The Good, the Bad, and the Ugly (Updated)
Reaction to President Obama's Afghanistan speech.
9:37 PM, Jun 22, 2011 • By DANIEL HALPER
President Barack Obama: "Thanks to our men and women in uniform, our civilian personnel, and our many coalition partners, we are meeting our goals. As a result, starting next month, we will be able to remove 10,000 of our troops from Afghanistan by the end of this year, and we will bring home a total of 33,000 troops by next summer, fully recovering the surge I announced at West Point. After this initial reduction, our troops will continue coming home at a steady pace as Afghan Security forces move into the lead. Our mission will change from combat to support. By 2014, this process of transition will be complete, and the Afghan people will be responsible for their own security. We are starting this drawdown from a position of strength. Al Qaeda is under more pressure than at any time since 9/11. Together with the Pakistanis, we have taken out more than half of al Qaeda's leadership. And thanks to our intelligence professionals and Special Forces, we killed Osama bin Laden, the only leader that al Qaeda had ever known. This was a victory for all who have served since 9/11. One soldier summed it up well. 'The message,' he said, 'is we don't forget. You will be held accountable, no matter how long it takes.'"

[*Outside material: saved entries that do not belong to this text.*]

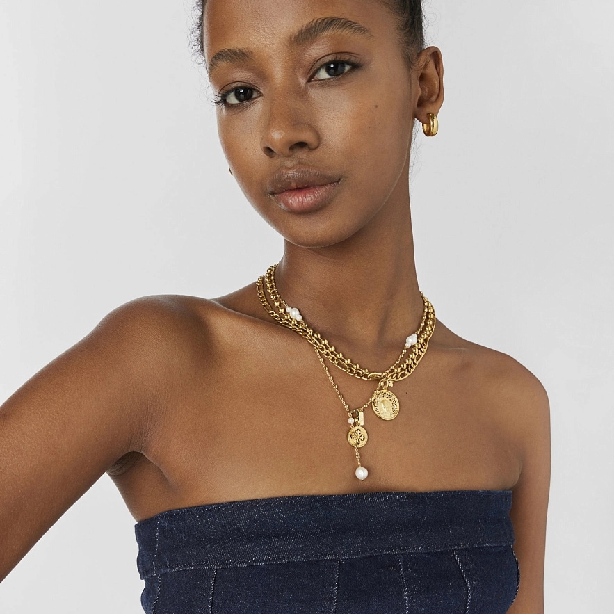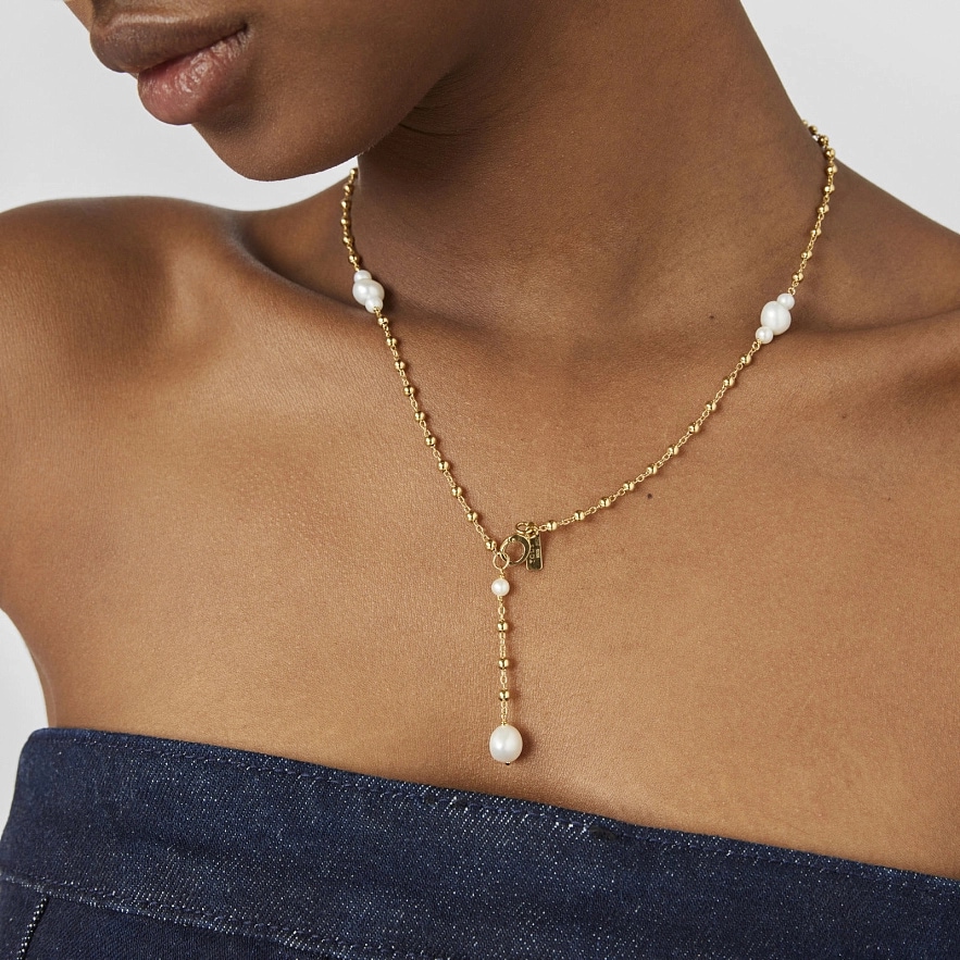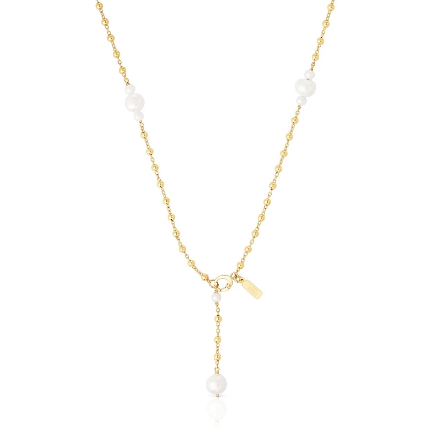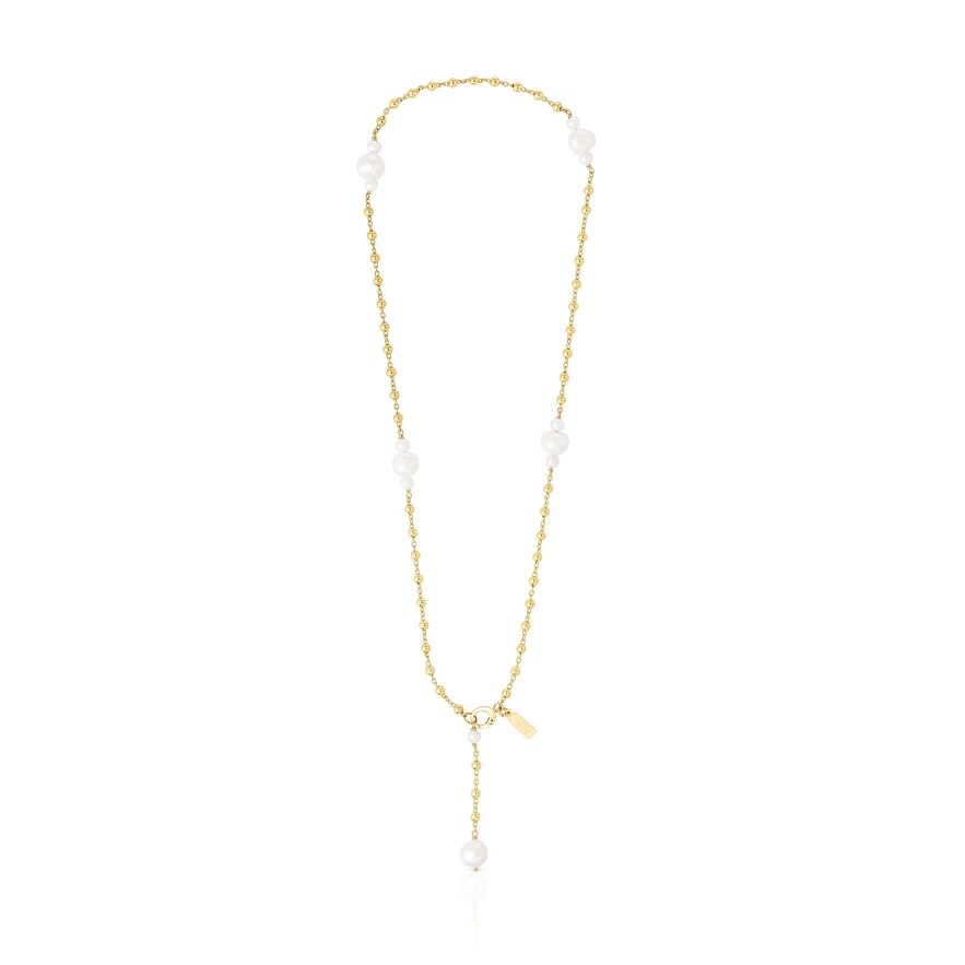 Колье Tamara Falcó X TOUS с золотым покрытием 18 карат поверх серебра и культивированным жемчугом и шариками с золотым покрытием 18 карат поверх серебра. Размер культивированного жемчуга: 4-4,5 мм и 7,5-8,5 мм. Размер шаров: 3 мм. Длина колье: 49,5 см. Застежка-карабина. Изделие изготовлено из серебра 925 пробы с золотым покрытием от 18 до 23 карат и толщиной 3 микрона. Это качество гарантирует большую долговечность украшения.
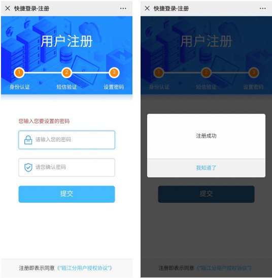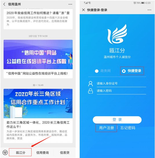 1、关注进入“信用温州”官方微信公众号,点击下方【瓯江分】菜单,选择【快捷登录】,新用户点击下方【用户注册】按钮。
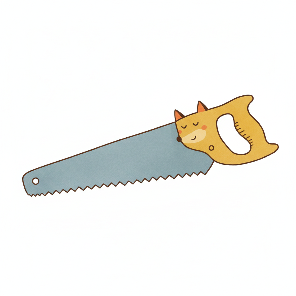 Eine niedliche Cartoon-Handsäge mit einem Fuchskopf als Griff auf weißem Hintergrund.

UPDATE: Senator Marco Rubio just issued a good statement on the Afghanistan drawdown:
“Our ultimate goal in Afghanistan should be to give the Afghan people a chance to build a lasting viable state. This is not about nation-building for the sake of doing so. This is in our vital national interests for two reasons. First, because an unstable Afghanistan will once again become a safe haven for Al Qaeda to operate from. Second, an unstable Afghanistan would become a base of operations for radical Islamic insurgents who seek to take control of Pakistan. A nuclear Pakistan in the hands of a radical Islamic government would be a catastrophic development.
“This is a part of the world where leaders always hedge their bets. Even the slightest impression that the United States is looking to get out is devastating. It is one of the reasons why Pakistan continues to undermine our efforts to target Al Qaeda. It also discourages tribal leaders in Afghanistan from cooperating with us to defeat the Taliban, and it encourages the Taliban to keep on fighting.

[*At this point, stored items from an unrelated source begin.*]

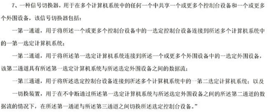 第二,從D1說明書公開的技術方案來看,D1文字公開了:通過操作控制鍵盤120上鍵入的熱鍵組合可以生成切換時間請求以選擇“用戶A”所有外圍設備,通過操作可控PS/2鍵盤190上的熱鍵組合可以選擇“用戶B”所有外圍設備114所要連接的計算機。由此可以確定:在對比文件1的方案中,當發出切換時間請求信號時,“用戶A”的所有外圍設備全部被切換至另一計算機,或者“用戶B”的所有外圍設備全部被切換至另一計算機。換言之,切換后,包含鼠標116等控制臺設備的外圍設備被一起從第一計算機切換至第二計算機,同時第一計算機與外圍設備的數據流必然中斷。
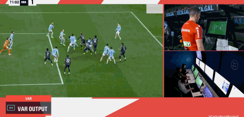 易边再战皇马的进攻还是难有成效,第63分钟,皇马右路推进,阿诺德跟进下底回传,皮塔奇点球点前迎球大力扫射被挡出。第71分钟,皇马右侧角球机会,尤特格拉解围非常明显的手球,主裁在观看VAR后却没有吹罚点球。补时最后1分钟,皇马左路快攻,维尼修斯带球推进回传中路,连续的转移,楚阿梅尼将球斜塞到右侧,阿诺德禁区边上接球晃开防守斜塞中路,贝西诺解围没有踢远,巴尔韦德禁区弧顶前将球拦下,往前跟进一步大力兜射,皮球击中防守球员折射入网,皇马2:1绝杀塞尔塔。
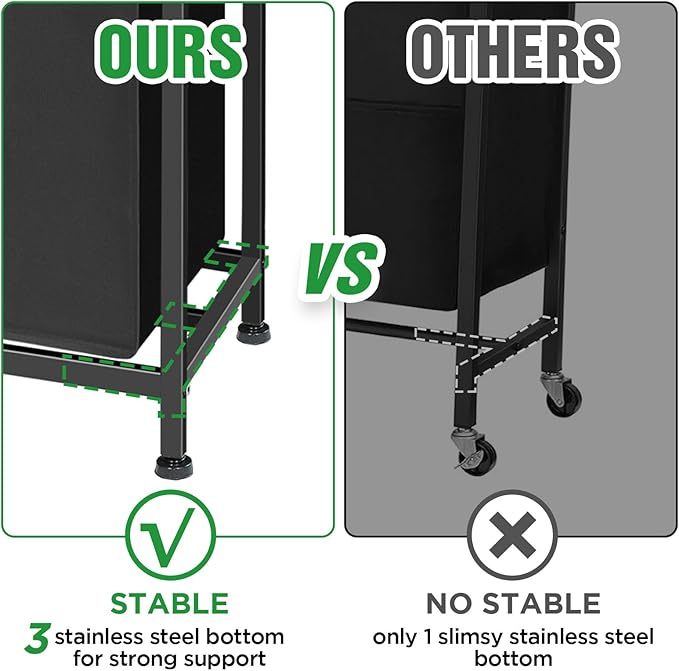 - Durability Meets Capacity: Crafted from high-quality materials, this sturdy laundry basket is built to handle heavy loads. This laundry basket offers strong support (shelf: 100 lbs, each bag: 33 lbs).
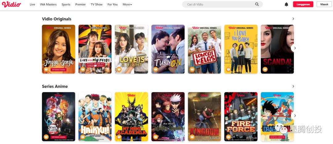 如果我们看到Vidio首页推荐,主要版面都留给了本地影视内容和日本动漫 - 也在某种程度上让大家了解到主要的受众和喜好:
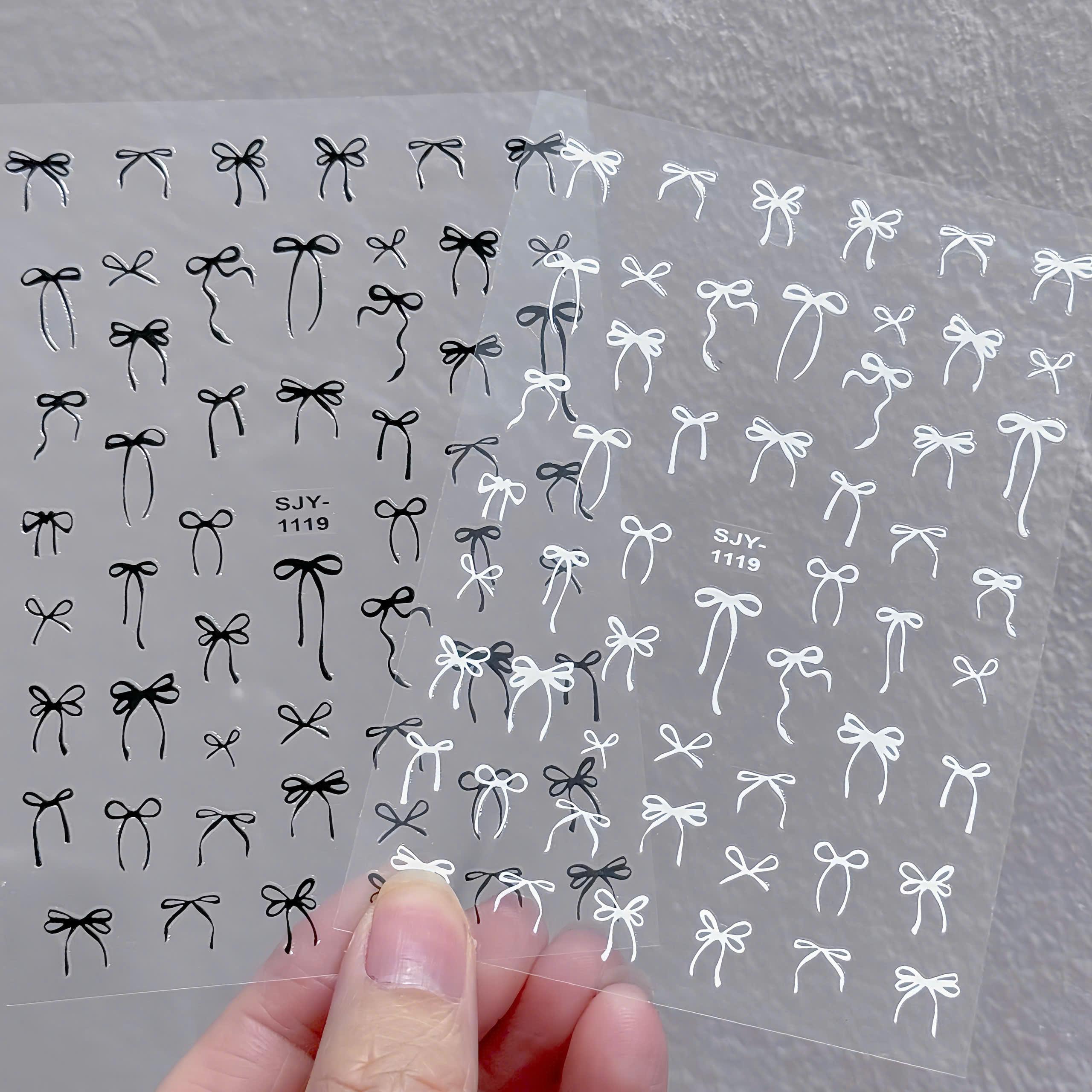 ✨Sticker 3D Nơ Nổi Dài Ngắn Đen Trắng SJY1119 Làm Nail Siêu Xinh, Hình Dán Móng Nơ Ruy Băng Mix Kiểu Phong Cách Điệu Đà Đẹp Mắt Và Tinh Tế

“Afghanistan is not just about Afghanistan. It is about the bigger fight against Al Qaeda and radical Islamic terrorism.
“After a decade of fighting, the American people are weary of war. Facing massive unemployment and a growing national debt, they are weary of the effort’s cost. So am I. But the answer to a bad situation is not to make it worse. And I have always believed that a troop withdrawal plan based not on progress towards our ultimate goal, but rather on a desire to hit certain numbers, would be a tragic mistake.
“Yes, American troops need to leave Afghanistan, but they should do so pursuant to a plan that accomplishes our vital goal. I hope that in the days to come, the President will more clearly articulate how his troop withdrawal plan does that.”